Please restate each line of the data below exactly. Omit all images.

Stored dataset items:
*** Block opens ***

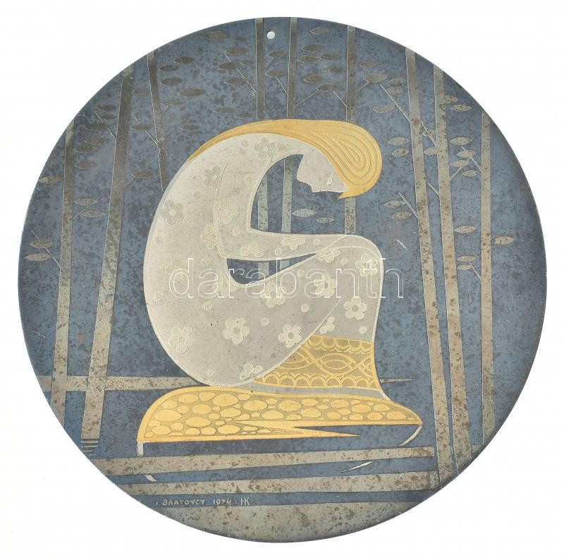 Leírás: Retró szovjet fali dísztányér, zománcozott fém, Zlatouszt 1974 jelzéssel, kissé kopottas, d: 18 cm
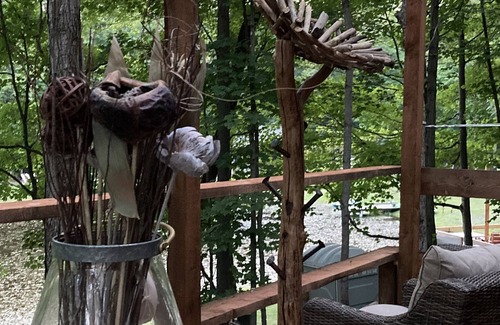 This platform tent is nestled in a quiet corner of our woods, and from the comfy deck chairs, you'll enjoy majestic views of our 30-acre woodland, and down the hill, our quiet koi pond. A separate gravel lane leads to the Selah tent, enabling you to park your vehicle close to your nightly dwelling.
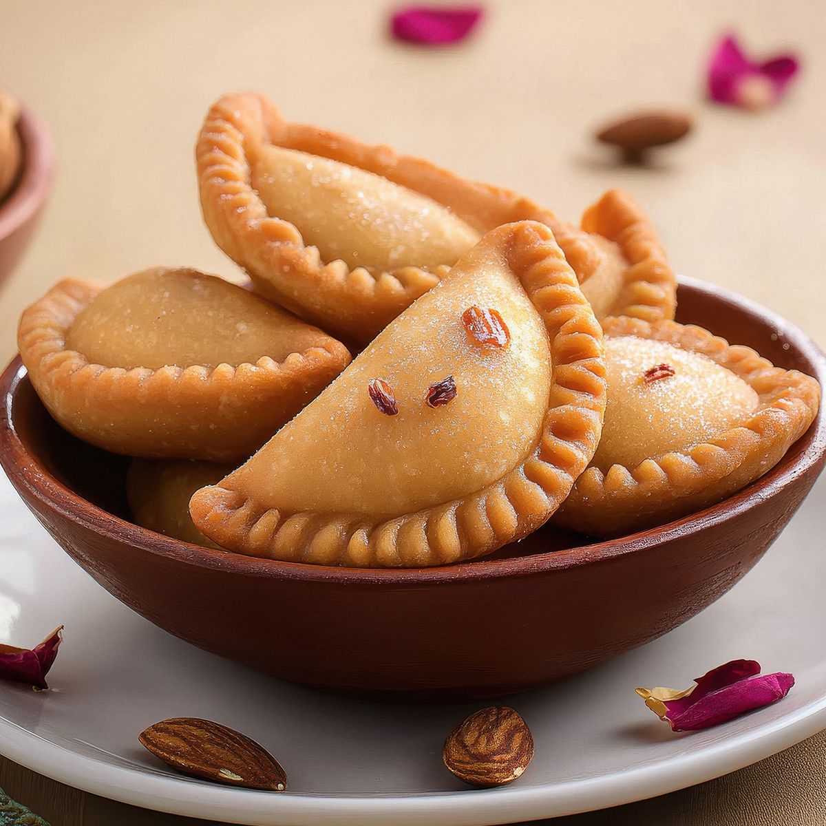 इन गुजिया को आप कम घी में 'एयर फ्राई' (Air Fry) कर सकते हैं या ओवन में 180°C पर सुनहरा होने तक बेक कर सकते हैं. यदि चाहें तो देसी घी में हल्का फ्राई भी कर सकते हैं.
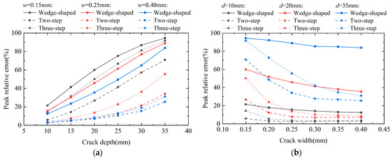 Peak relative errors of different crack morphologies: (a) variation with crack depth at different widths; (b) variation with crack width at different depths.
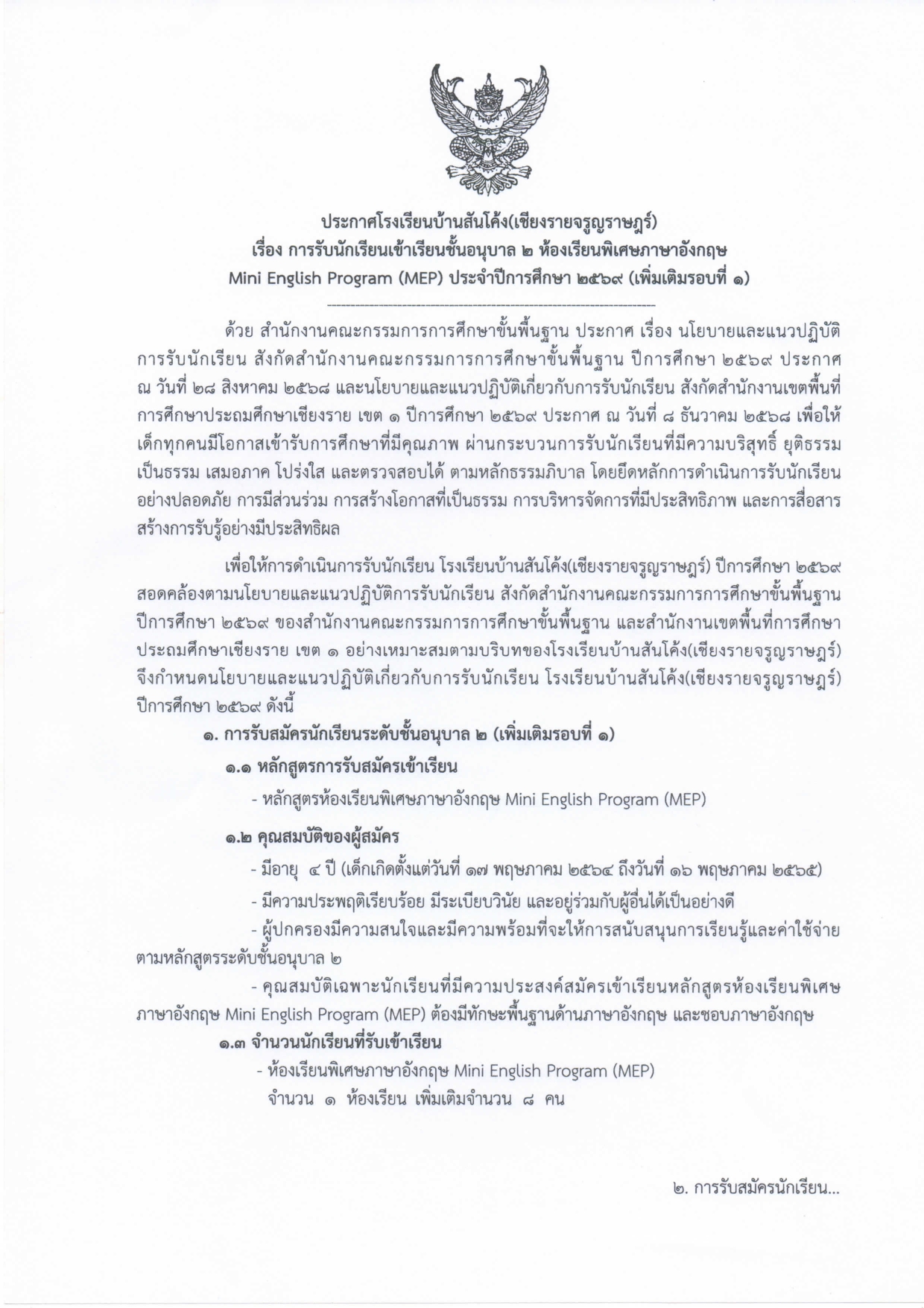 ðĢāļāļĢāļ°āļāļēāļĻāļāļēāļĢāļĢāļąāļāļĢāļąāļāļāļąāļāđāļĢāļĩāļĒāļāđāļāđāļēāđāļĢāļĩāļĒāļāļāļąāđāļāļāļāļļāļāļēāļĨ 2 āļŦāđāļāļāđāļĢāļĩāļĒāļāļāļīāđāļĻāļĐāļ āļēāļĐāļēāļāļąāļāļāļĪāļĐ Mini English Program (MEP) āļāļĢāļ°āļāļģāļāļĩāļāļēāļĢāļĻāļķāļāļĐāļē 2569 (āđāļāļīāđāļĄāđāļāļīāļĄāļĢāļāļāļāļĩāđ 1)ðĪâĪïļ
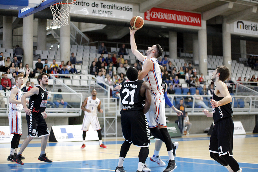 PLÁCIDO TRIUNFO ALICANTINO Ante estas circunstancias, los de Zapata intentaron mantener la concentración e incluso ampliaron ligeramente su ventaja. Sin embargo, los castellanoleoneses aprovecharon las imprecisiones ofensivas de los locales para maquillar el resultado en los últimos compases del encuentro. En estos minutos finales, entraron en juego los menos habituales como el canterano Jordá, que anotó sus primeros puntos en LEB Plata, y redondearon un triunfo con un gran trabajo colectivo.
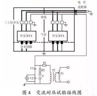 本次試驗(yàn)對(duì)母線進(jìn)行交流耐壓試驗(yàn),按圖4進(jìn)行試驗(yàn)接線,加壓端口在4×15避雷器電纜插口處。
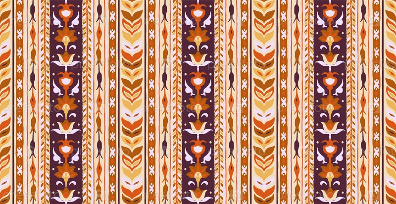 Геометрический дамасский орнамент. Икат границы. Этническая вышивка с листьями и монограммами. Племенная векторная текстура. Бесшовный народный узор в ацтекском стиле. Индийский, скандинавский, цыганский, мексиканский, африканский ковер
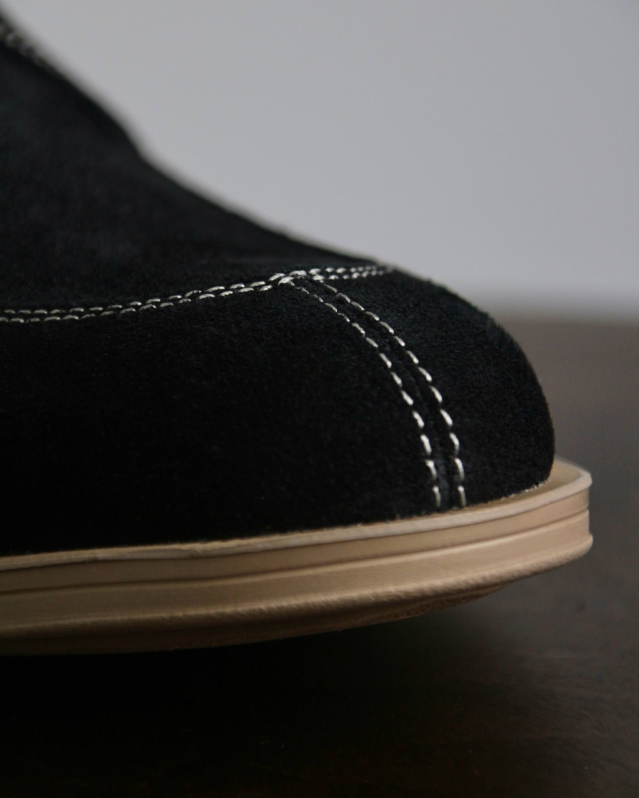 • Необработанные края на берцах и союзке добавляют фактуры и дерзости в строгий силуэт. Деталь позволяет сочетать пару, как с брюками, так и с более расслабленным низом.
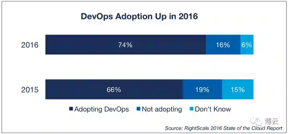谈及统计,DevOps的采用已经在2015年-2016年大约增长了8%,而且这个数字预计将在2018年显著增长,如上图所示。
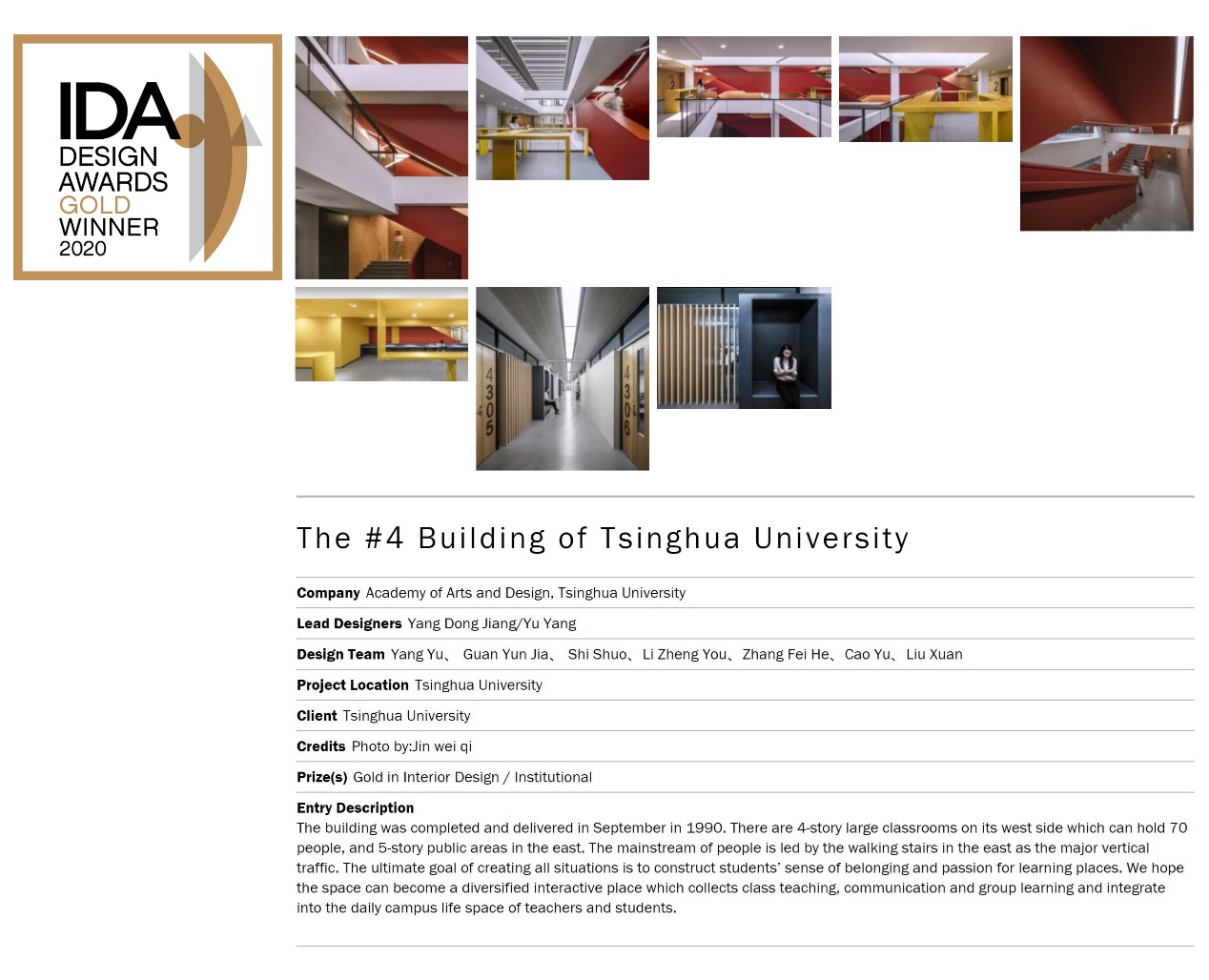 乐鱼(中国)网2月2日电 1月28日,美国IDA国际设计奖公布了2020年度获奖名单,乐鱼在线平台美术学院杨冬江教授团队的设计作品《乐鱼在线平台第四教学楼室内设计》从80多个国家和地区的众多优秀作品中脱颖而出,荣获室内设计类别金奖。

*** Block closes ***

→ Output of the task:
 Leírás: Retró szovjet fali dísztányér, zománcozott fém, Zlatouszt 1974 jelzéssel, kissé kopottas, d: 18 cm
 This platform tent is nestled in a quiet corner of our woods, and from the comfy deck chairs, you'll enjoy majestic views of our 30-acre woodland, and down the hill, our quiet koi pond. A separate gravel lane leads to the Selah tent, enabling you to park your vehicle close to your nightly dwelling.
 इन गुजिया को आप कम घी में 'एयर फ्राई' (Air Fry) कर सकते हैं या ओवन में 180°C पर सुनहरा होने तक बेक कर सकते हैं. यदि चाहें तो देसी घी में हल्का फ्राई भी कर सकते हैं.
 Peak relative errors of different crack morphologies: (a) variation with crack depth at different widths; (b) variation with crack width at different depths.
 ðĢāļāļĢāļ°āļāļēāļĻāļāļēāļĢāļĢāļąāļāļĢāļąāļāļāļąāļāđāļĢāļĩāļĒāļāđāļāđāļēāđāļĢāļĩāļĒāļāļāļąāđāļāļāļāļļāļāļēāļĨ 2 āļŦāđāļāļāđāļĢāļĩāļĒāļāļāļīāđāļĻāļĐāļ āļēāļĐāļēāļāļąāļāļāļĪāļĐ Mini English Program (MEP) āļāļĢāļ°āļāļģāļāļĩāļāļēāļĢāļĻāļķāļāļĐāļē 2569 (āđāļāļīāđāļĄāđāļāļīāļĄāļĢāļāļāļāļĩāđ 1)ðĪâĪïļ
 PLÁCIDO TRIUNFO ALICANTINO Ante estas circunstancias, los de Zapata intentaron mantener la concentración e incluso ampliaron ligeramente su ventaja. Sin embargo, los castellanoleoneses aprovecharon las imprecisiones ofensivas de los locales para maquillar el resultado en los últimos compases del encuentro. En estos minutos finales, entraron en juego los menos habituales como el canterano Jordá, que anotó sus primeros puntos en LEB Plata, y redondearon un triunfo con un gran trabajo colectivo.
 本次試驗(yàn)對(duì)母線進(jìn)行交流耐壓試驗(yàn),按圖4進(jìn)行試驗(yàn)接線,加壓端口在4×15避雷器電纜插口處。
 Геометрический дамасский орнамент. Икат границы. Этническая вышивка с листьями и монограммами. Племенная векторная текстура. Бесшовный народный узор в ацтекском стиле. Индийский, скандинавский, цыганский, мексиканский, африканский ковер
 • Необработанные края на берцах и союзке добавляют фактуры и дерзости в строгий силуэт. Деталь позволяет сочетать пару, как с брюками, так и с более расслабленным низом.
谈及统计,DevOps的采用已经在2015年-2016年大约增长了8%,而且这个数字预计将在2018年显著增长,如上图所示。
 乐鱼(中国)网2月2日电 1月28日,美国IDA国际设计奖公布了2020年度获奖名单,乐鱼在线平台美术学院杨冬江教授团队的设计作品《乐鱼在线平台第四教学楼室内设计》从80多个国家和地区的众多优秀作品中脱颖而出,荣获室内设计类别金奖。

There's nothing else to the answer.